TEMMUZ 2019
Sibirya seyahatini uzunca bir zamandan beri düşünmeme rağmen gerçekleştirememiştim. Kış döneminde hem bu seyahat için hazırlık yaptım, hem de Rusça dil bilgimi geliştirmek için Rusça kursuna da gittim.
Benden bir gezi düzenlememi isteyen YTÖO'dan arkadaşlarımdan ikisi Hüseyin Yaşar Asa ve Ergun Esen, dayım Adem İktir ve ben olmak üzere zorlu, yorucu ve aynı zamanda keyifli ve yeni yerleri keşfetme heyecanı içinde bu seyahati gerçekleştirdik.
30 gün sürecek bu seyahatte, klasik transsibirya ekspresi güzergahını tercih etmeyip, Moskova, Nizhniy Novgorad, Kazan, Samara, Ufa, Çelyabinsk, Omsk, Novosibirsk, Krasnoyarsk, İrkutsk'a trenle gidip, oradan da karayoluyla Baykal Gölü'ne kadar gitmeyi planladım. Çünkü klasik Trans Sibirya yolu üzerinde bulunmayan, Tatarlar ve Başkırtların yaşadıkları, Kazan ve Ufa gibi şehirlerini görmek istiyorduk. Geriye dönüşü de Irkutsk'tan, Moskova, İstanbul ve İzmir uçak yolculuklarıyla bu seyahatimizi tamamlamayı planladım.
Şimdi de bu seyahatimizi sırasıyla yazarak sizlerle paylaşmak istiyorum. Bu ilk yazımda Moskova'dan başlıyorum.
Şimdi de bu seyahatimizi sırasıyla yazarak sizlerle paylaşmak istiyorum. Bu ilk yazımda Moskova'dan başlıyorum.
Bilindiği gibi bizim gittiğimiz tarihlerde Rusya Türklere vize uyguluyor ve 30 günlük turist vizesi veriyordu. Biz Türkiye'ye geri döndükten kısa bir süre sonra Rusya Türklere vizeyi kaldırdı, bu da bizim şanssızlığımızdı doğrusu.

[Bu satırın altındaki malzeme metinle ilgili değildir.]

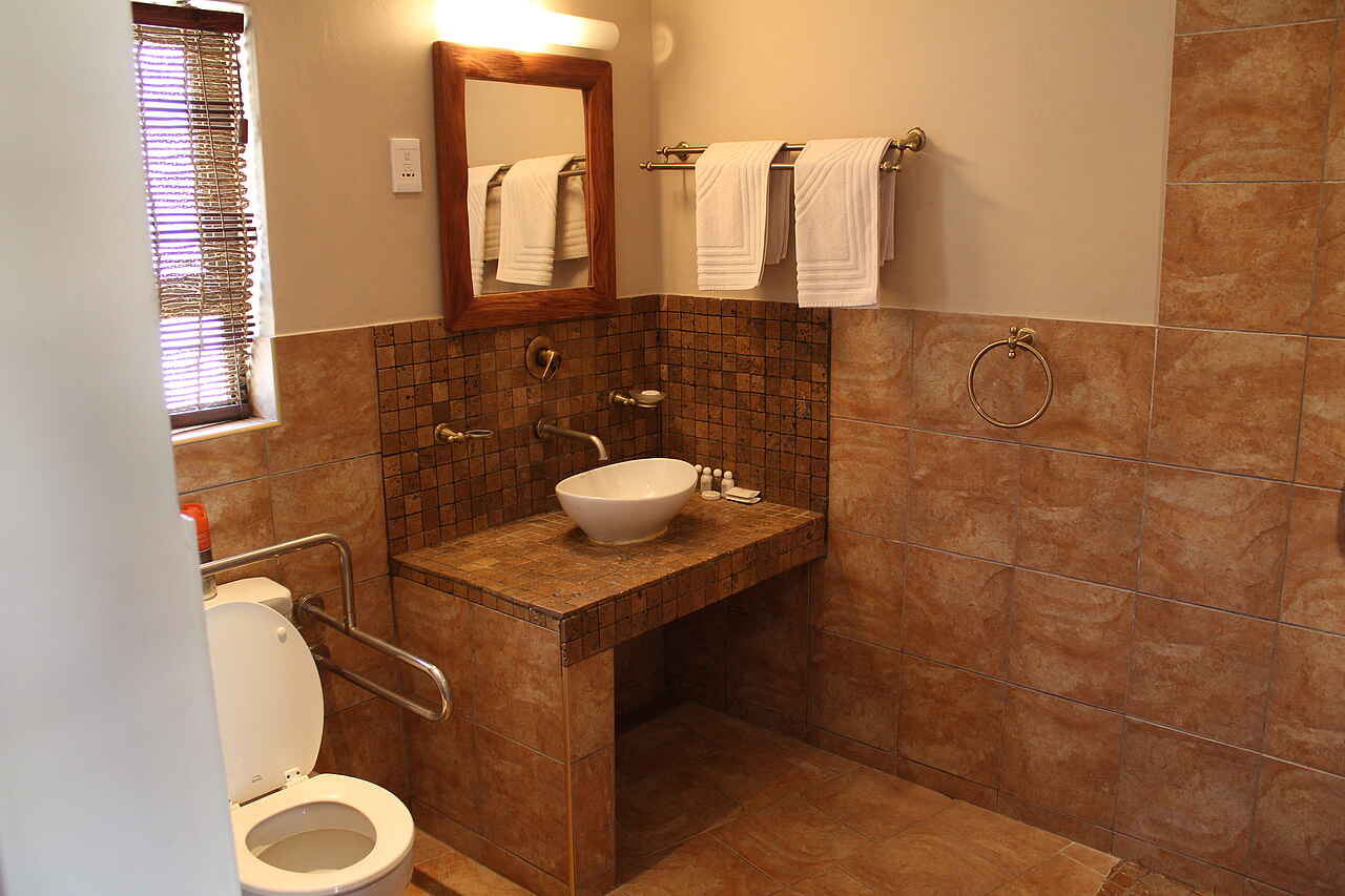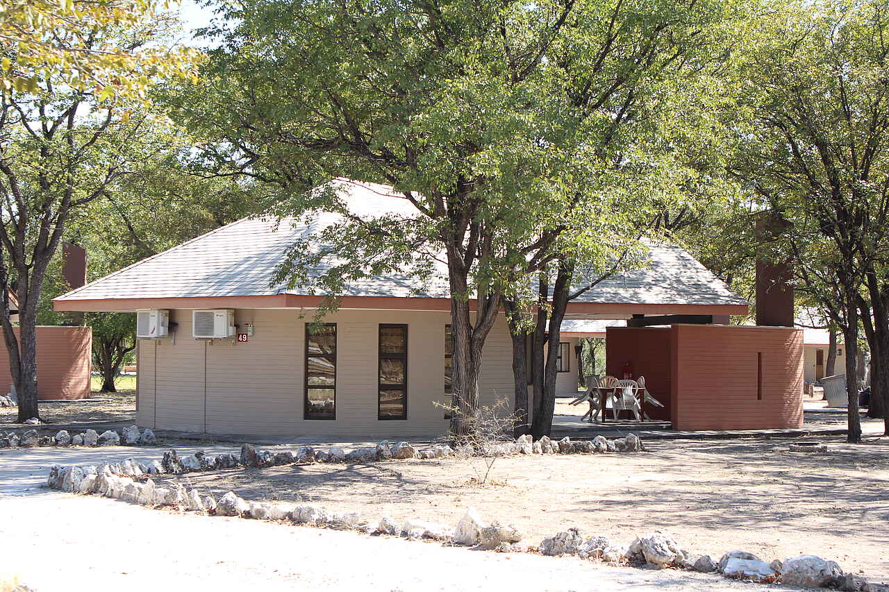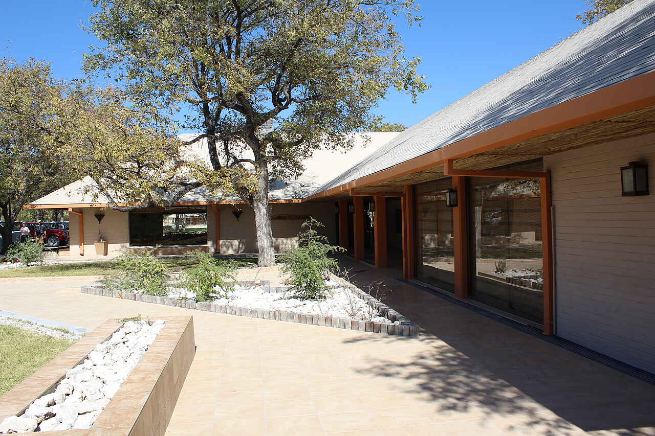 Auf dem weitläufigen Gelände befinden sich ein Restaurant, eine Bar, Einkaufsmöglichkeiten und ein Swimming Pool und ein zur Tierbeobachtung geeignetes Wasserloch.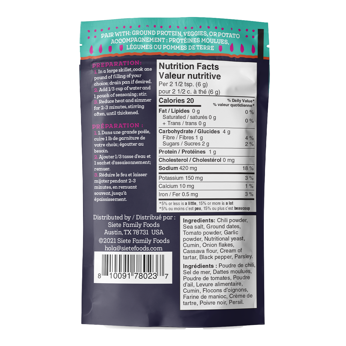 Chili powder, Sea salt, Ground dates, Tomato powder, Garlic powder, Nutritional yeast, Cumin, Onion flakes, Cassava flour, Cream of tartar, Black pepper, Parsley.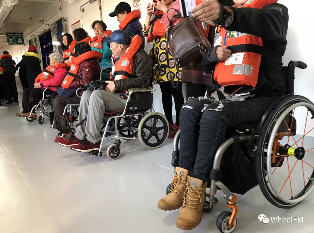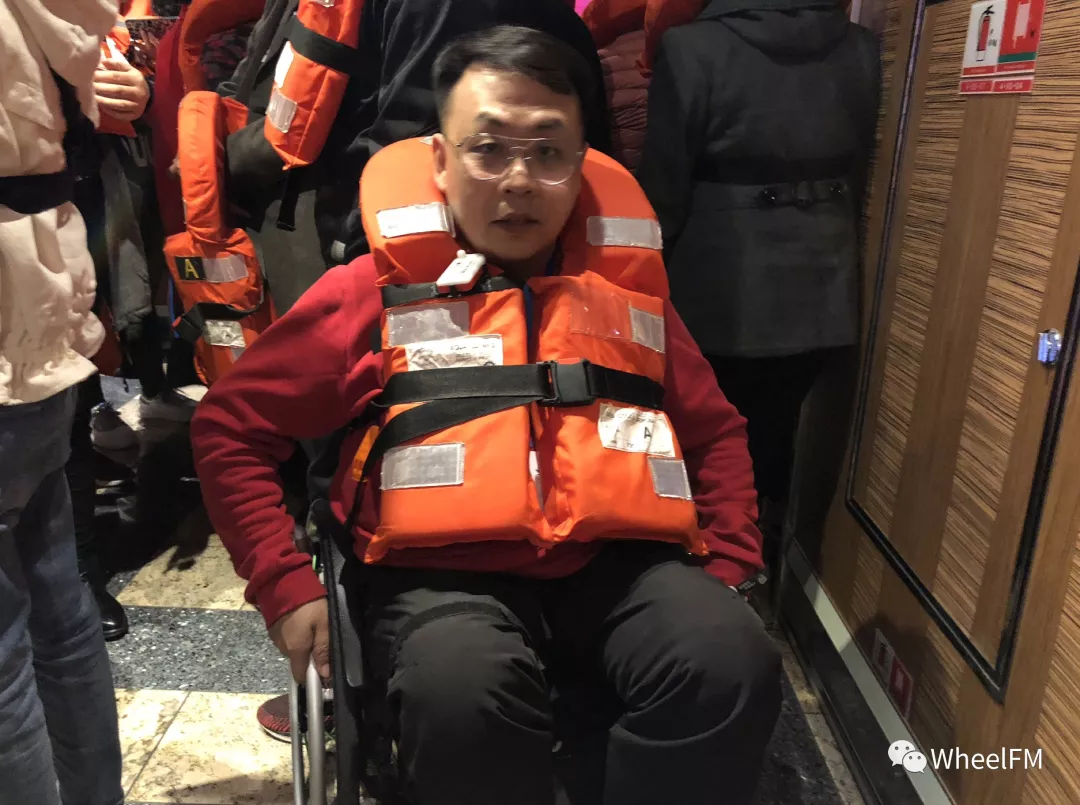 上船第一件事兒是先拍照,綠色背景,一位外籍船員舉著救生圈,和他拍照,后來(lái)才知道,照像免費(fèi),你要想拿到這個(gè)照片是需要付費(fèi)的。上船收拾好以后,一個(gè)最重要的活動(dòng)就是救生演習(xí),要求全體乘客都要參加,每個(gè)房間的衣柜里都有救生衣,大家要穿著救生衣到指定地點(diǎn)集合進(jìn)行救生演習(xí)。壯觀的是,船方會(huì)把所有的輪椅使用者都集中在一起,一排坐著輪椅的人穿上救生衣,真的很難得……

Başvurumuzu erkenden yapmamıza karşın, vize alan aracı kurumun gevşek davranması nedeniyle vizemiz geç geldi. Bizim bu 30 günlük süre içine 11 şehir gezisi ve 9 tren yolculuğu sığdırmamız gerekiyordu. Programımıza göre, tren ve uçak biletlerimizi, yola çıkmadan ancak 3 gün önce alabildik.
Başvurumuzu erkenden yapmamıza karşın, vize alan aracı kurumun gevşek davranması nedeniyle vizemiz geç geldi. Bizim bu 30 günlük süre içine 11 şehir gezisi ve 9 tren yolculuğu sığdırmamız gerekiyordu. Programımıza göre, tren ve uçak biletlerimizi, yola çıkmadan ancak 3 gün önce alabildik.
Gittiğim seyahatlerde en azından ilk gece için otel rezervasyonu yaparım. Çünkü o yol yorgunluğundan sonra, öncelikle istirahat etmem gerekiyor. Bu yüzden de Rusya'daki ilk durağımız Moskova'da, kalacağımız 4 gece için İzmailova semtinden otel rezervasyonu yaptım. Burası hem uçaktan indiğimiz Sheremetyevo havaalanına yakın, hem de hemen yakınındaki metro istasyonu nedeniyle, buradan şehrin her yerine ulaşmak kolaydı. Burada Gama, Alfa, Beta isminde büyük oteller bulunuyor bunlarda firma adım olan Beta'yı tercih ettim.)))
Moskova'da daha önce iki kez bulunduğum için buradaki turistik mekanları biliyordum. Dolayısıyla burada arkadaşlarıma rehberlik etmede bir sıkıntı yaşamadım.
Daha önce SEYAHATNAME'de Moskova şehrini yazdığım için artık aynı yerleri bir kez daha yazmak istemiyorum. Ama yine de kısa notlar ve resimler de paylaşmak istiyorum sizinle.
1 Temmuz 2019'da başlayan bu seyahatimizin, İzmir- İstanbul yolculuğunu Pegasus, İstanbul - Moskova yolculuğunu Aeroflot firmalarının uçaklarıyla gerçekleştirdik. Shremetyevo havaalanından (pazarlık yaparak) taksiyle otelimize ulaştık.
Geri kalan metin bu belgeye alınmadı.